By using methodologies similar to Pratt et al. [18], we found that PD is associated with many individual and contextual characteristics, health behaviors, and accessing medical care among young adults. Although the population dataset in the CDC study used NHIS data from 2001-2004 and included adults of all ages, findings between this study and the previous study are similar. For example, both studies found greater proportions of reporting PD among the lower age groups (younger adults), females, individuals living in poverty, persons unmarried, smokers, individuals with chronic conditions, and persons who utilized more medical services. Contrasting the study by Pratt et al., PD was reported in greater proportions among young adults with greater than high school education and full-year private insurance coverage in the bivariate analysis of the present study.
When examining PD in association with incarceration, results affirmed individuals with incarceration experience reported greater odds of PD. Additionally, findings from the data indicate health insurance status confounds the association between incarceration status and PD. Findings suggest that government-based health insurance adds to the risk of reporting PD among the formerly incarcerated. Although diminished in the presence of demographic variables, the risk of reporting PD is still greatest among formerly incarcerated young adults with full-year government based coverage.

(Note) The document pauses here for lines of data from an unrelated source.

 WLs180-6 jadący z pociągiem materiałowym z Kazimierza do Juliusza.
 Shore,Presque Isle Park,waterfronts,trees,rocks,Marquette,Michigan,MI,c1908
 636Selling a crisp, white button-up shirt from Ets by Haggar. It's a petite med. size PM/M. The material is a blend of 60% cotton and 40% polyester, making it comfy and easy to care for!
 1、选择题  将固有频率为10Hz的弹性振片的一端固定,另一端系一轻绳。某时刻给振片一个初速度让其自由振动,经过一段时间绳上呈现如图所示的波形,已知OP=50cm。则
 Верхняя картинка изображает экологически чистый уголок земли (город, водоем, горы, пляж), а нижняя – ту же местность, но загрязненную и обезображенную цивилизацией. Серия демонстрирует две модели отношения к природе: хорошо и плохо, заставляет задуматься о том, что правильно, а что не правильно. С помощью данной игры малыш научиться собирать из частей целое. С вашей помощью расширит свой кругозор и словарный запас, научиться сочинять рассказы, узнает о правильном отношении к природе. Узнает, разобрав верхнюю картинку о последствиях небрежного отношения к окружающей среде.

However, in the presence of other covariates, PD is explained by female gender, 30 day marijuana usage, reporting fair or poor health, lower levels of life satisfaction, and receiving medical treatment when ill or injured 4 or more times during the past year.

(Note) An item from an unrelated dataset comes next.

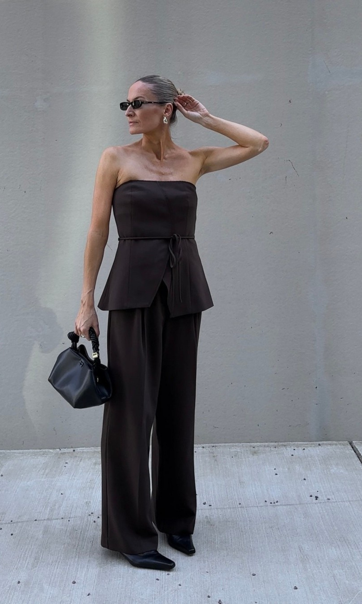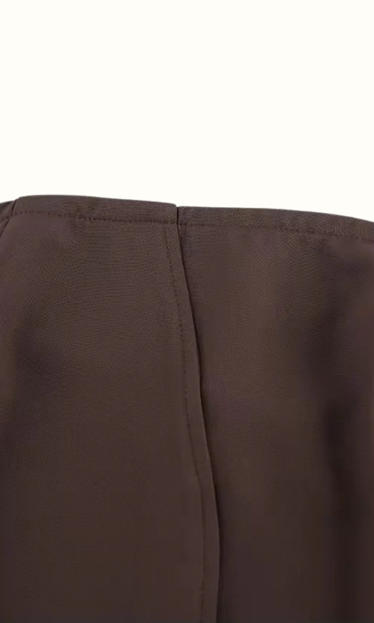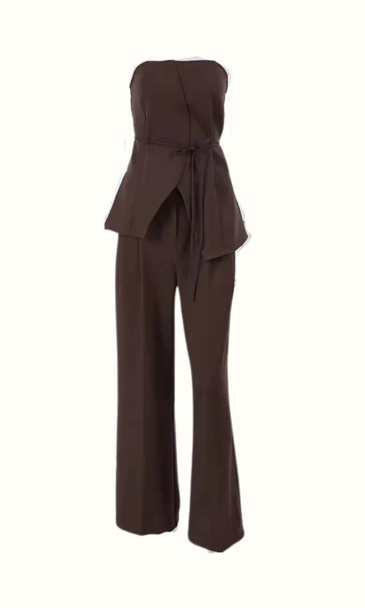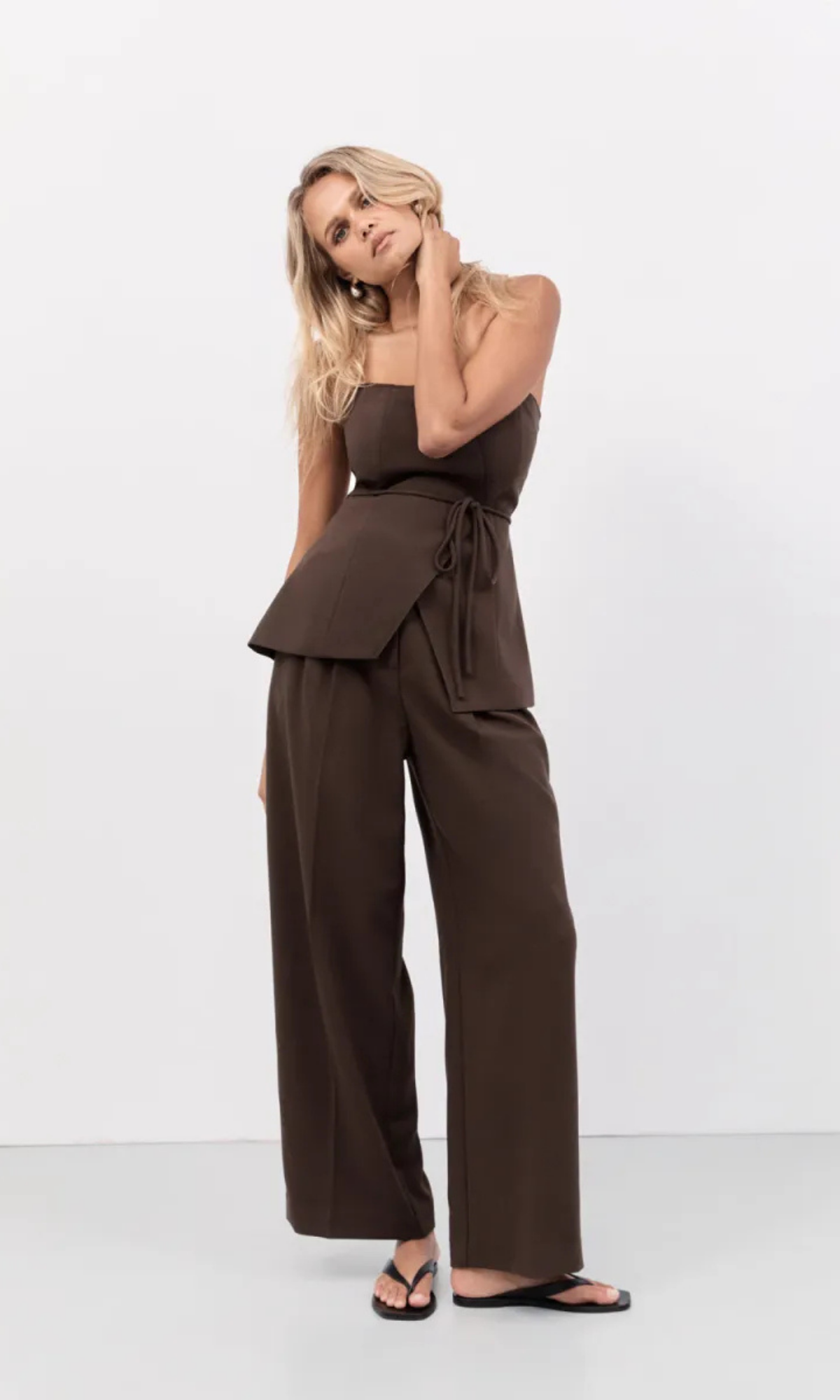 Braun ist die neue It-Farbe – und das Peppa Set bringt den Trend auf den Punkt. Ein schulterfreies Bandeau-Top trifft auf eine lässige Wide-Leg-Hose in sattem Schokobraun. Minimalistisch, aber mit maximaler Wirkung.

Challenges such as finding jobs with employer-based health coverage or problems with Medicaid enrollment may hinder those with incarceration experience from receiving health insurance coverage [32] or perhaps may be associated with more distress due to trouble accessing medical services [17]. One study estimates that roughly 34-40 percent of released inmates will qualify for Medicaid [32], and perhaps those that receive Medicaid will still experience PD. However, the need for health care, the complexity of social situations, fragmented social and family networks, and mental health needs; may be barriers to many individuals with incarceration experience accessing health care coverage [32], thus widening the gap for the formerly incarcerated to access care [14,15] and presenting opportunity for future research. In this study, receiving treatment 4 or more times when ill or injured was significantly associated with PD in the logistic regression analyis. This is of great concern, as providing health insurance coverage for this population is only the first step to improving the health among young adults with incaceration experience. Although this group can be served by Medicaid, especially with Medicaid’s expansion under the Affordable Care Act (ACA) [33], individuals with incarceration experience have relied on safety net resources to meet their health needs, such as emergency rooms. The ACA promotes the adoption of patient centered medical homes and preventive care. Thus it will be important to integrate mental health care with physical health care to support the reintegration of the formerly incarcerated into the community [32].
Life satisfaction was rated lower in greater proportion among the young adults with incarceration experience than among those with no incarceration experience. These findings among young adults, specifically those with incarceration experience, support the use of frameworks that consider individual beliefs (need characteristics), as well as predisposing and enabling factors when examining self-reported health outcomes at the population level. In order to depict a comprehensive representation of one’s total health and functioning, health care professionals and health systems must examine not only one’s physical and mental health, but also assess one’s social health. In this study, the social health indicator “life satisfaction” was significantly associated with mental health and incarceration experience. Similarly, self-reported general health status (global health assessment) was also significantly associated with mental health.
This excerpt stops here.